I am in the process of learning Cassandra as an alternative to SQL databases for one of the projects I am working for, that involves Big Data.
For the purpose of learning, I've been watching the videos offered by DataStax, more specifically DS220 which covers modeling data in Cassandra.
While watching one of the videos in the course series I was introduced to the concept of splitting partitions to manage partition size.
My current understanding is that Cassandra has a max logical capacity of 2B entries per partition, but a suggested max of a couple 100s MB per partition.
I'm currently dealing with large amounts of real-time financial data that I must store (time series), meaning I can easily fill out GBs worth of data in a day.
The video course talks about introducing an additional partition key in order to split a partition with the purpose or reducing the size per partition requirement.
The video pointed out to using either a time based key or an arbitrary "bucket" key that gets incremented when the number of manageable rows has been reached.
With that in mind, this led me to the following problem: given that partition keys are only used as equality criteria (ie. point to the partition to find records), how do I find all the records that end up being spread across multiple partitions without having to specify either the bucket or timestamp key?
For example, I may receive 1M records in a single day, which would likely go over the 100-500Mb partition limit, so I wouldn't be able to set a partition on a per date basis, that means that my daily data would be broken down into hourly partitions, or alternatively, into "bucketed" partitions (for balanced partition sizes). This means that all my daily data would be spread across multiple partitions splits.
Given this scenario, how do I go about querying for all records for a given day? (additional clustering keys could include a symbol for which I want to have the results for, or I want all the records for that specific day)
Any help would be greatly appreciated.
Thank you.
Basically this goes down to choosing right resolution for your data. I would say first step for you would be to determinate what is best fit for your data. Lets for sake of example take 1 hour as something that is good and question is how to fetch all records for particular date.
Your application logic will be slightly more complicated since you are trading simplicity for ability to store large amounts of data in distributed fashion. You take date which you need and issue 24 queries in a loop and glue data on application level. However when you glue that in can be huge (I do not know your presentation or export requirements so this can pull 1M to memory).
Other idea can be having one table as simple lookup table which has key of date and values of partition keys having financial data for that date. Than when you read you go first to lookup table to get keys and then to partitions having results. You can also store counter of values per partition key so you know what amount of data you expect.
All in all it is best to figure out some natural bucket in your data set and add it to date (organization, zip code etc.) and you can use trick with additional lookup table. This approach can be used for symbol you mentioned. You can have symbols as partition keys, clustering per date and values of partitions having results for that date as values. Than you query for symbol # on 29-10-2015 and you see partitions A, D and Z have results so you go to those partitions and get financial data from them and glue it together on application level.

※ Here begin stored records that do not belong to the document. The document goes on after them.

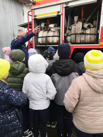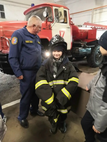В пожарной части ребятам показали караульные помещения, дежурно-диспетчерскую службу. Зрелищное действие произошло в гараже боевых машин. Начальник пожарной части №17 Коньков Н.В. показал ребятам предметы боевой одежды, пожарно-спасательное оборудование. Ребятам рассказали об имеющихся в распоряжении пожарной части пожарных машинах, что с ними связано, как они работают, чем оборудованы.
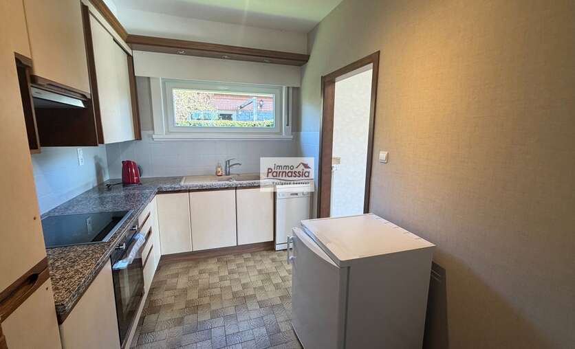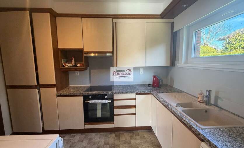 This thoroughly renovated bungalow is situated in a quiet residential street, close to NATO headquarters and public transport links. The property features a cosy living room with a fireplace (cassette), a fully fitted kitchen, three bedrooms, a bathroom with a shower and washbasins, and a separate toilet. It also features a single-car garage with an automatic door, a spacious utility room or storage area, and a pleasant garden with a lovely terrace adjoining the living room. Recently refurbished with a new shower in the bathroom and a new oven and extractor hood in the kitchen. The roof has also been replaced.
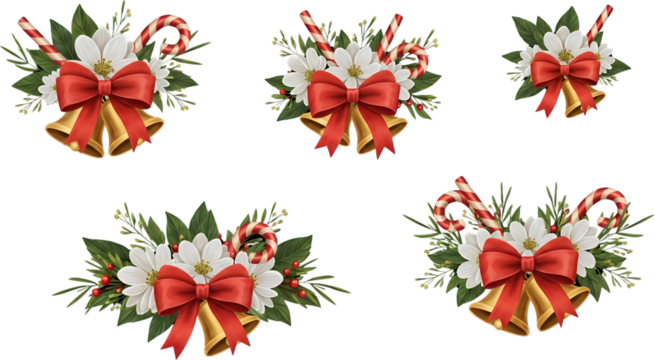 Festive Christmas decorations featuring golden bells red bows white flowers candy canes green foliage and red berries presented in multiple arrangements
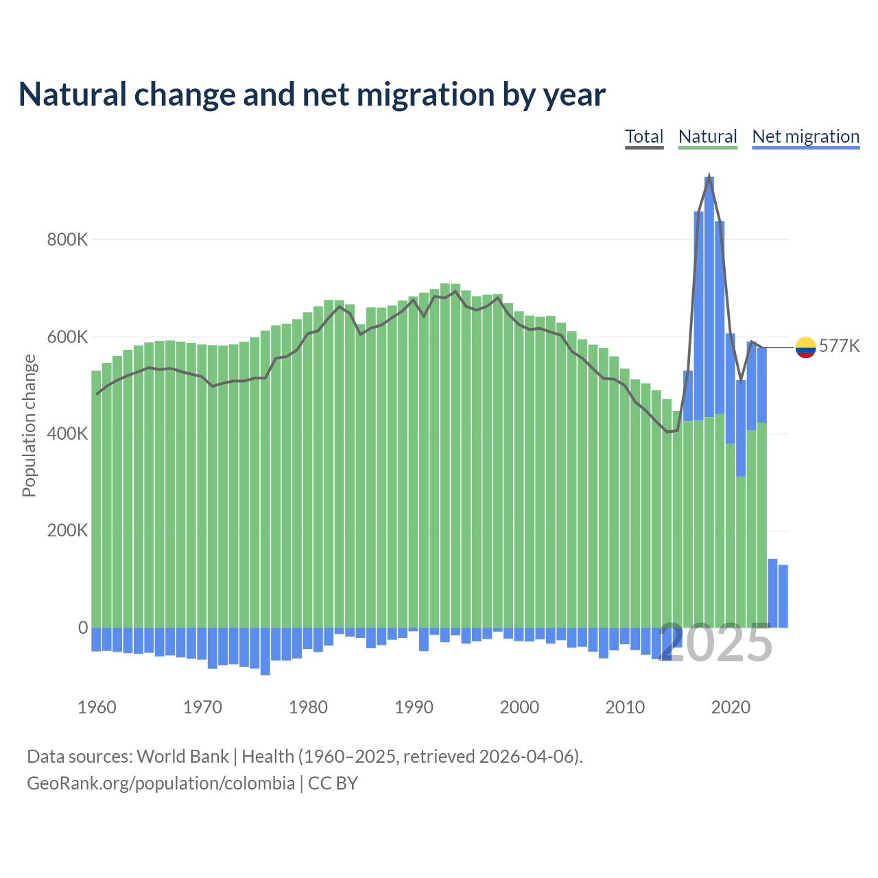 Over the last 10 years, 66.6% of the population change in Colombia is from natural causes (a gain of 4,162,856 people) and 33.4% is from migration (a gain of 2,083,051 people).
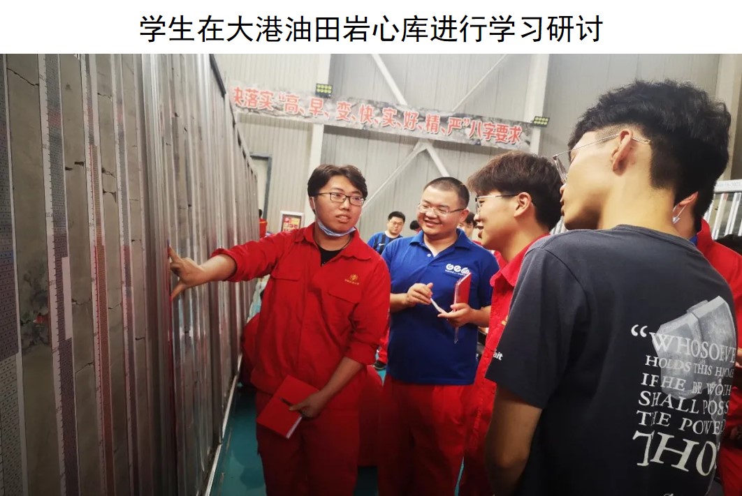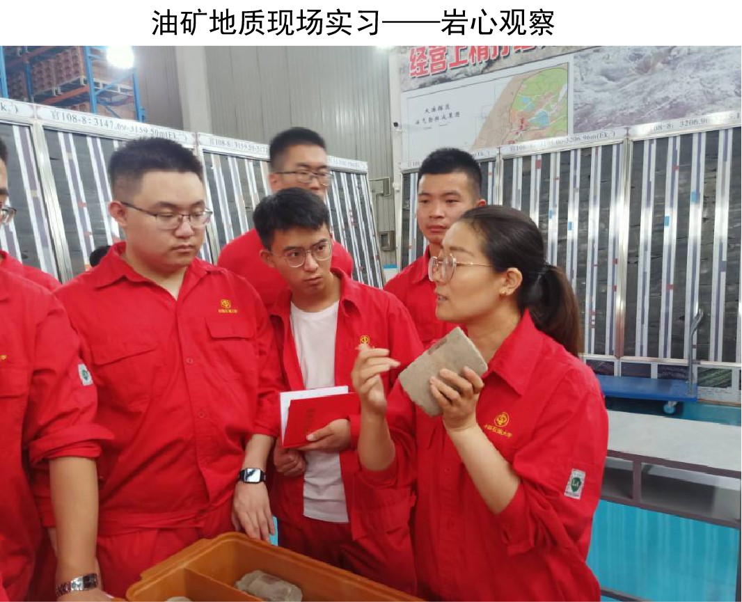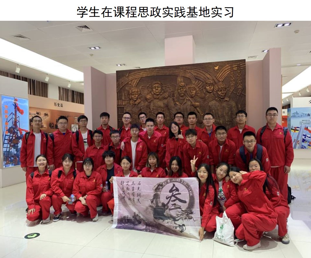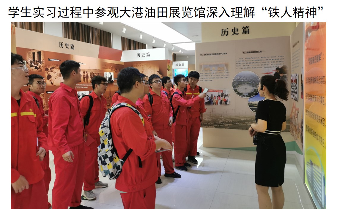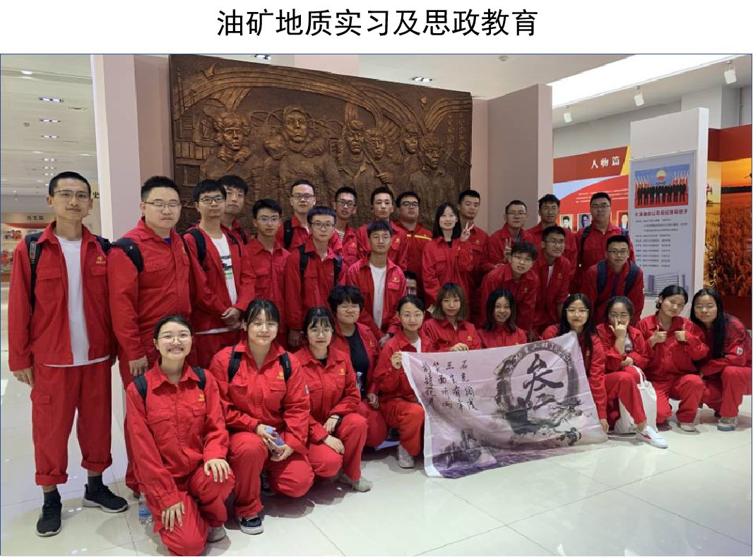 • 依托我校在大港油田建设的国家级工程实践教育中心,建成了“中国石油大学课程思政实践基地”。在《油矿地质现场实习》等实习实践教学中,实施油田劳模、专家和学校教师协同指导,将“爱国、创业、求实、奉献”的铁人精神教育、企业文化学习、社会责任培养等融入专业实践教学,培养学生“艰苦奋斗、服务国家”的家国情怀。

Cassandra Performance : Less rows with more columns vs more rows with less columns

We are evaluating if we can migrate from SQL SERVER to cassandra for OLAP. As per the internal storage structure we can have wide rows. We almost need to access data by the date. We often need to access data within date range as we have financial data. If we use date as Partition key to support filter by date,we end up having less row with huge number of columns.
Will it hamper performance if we have millions of columns for a single row key in future as we process millions of transactions every day.
Do we need to have some changes in the access pattern to have more rows with less number of columns per row.
Need some performance insight to proceed in either direction
Using wide rows is typically fine with Cassandra, there are however a few things to consider:
Ensure that you don't reach the 2 billion column limit in any case
The whole wide row is stored on the same node: it needs to fit on the disk. Also, if you have some dates that are accessed more frequently then other dates (e.g. today) then you can create hotspots on the node that stores the data for that day.
Very wide rows can affect performance however: Aaron Morton from The Last Pickle has an interesting article about this:
It is somewhat old, but I believe that the concepts are still valid.
For a good table design decision one needs to know all typical filter conditions. If you have any other fields you typically filter for as an exact match, you could add them to the partition key as well.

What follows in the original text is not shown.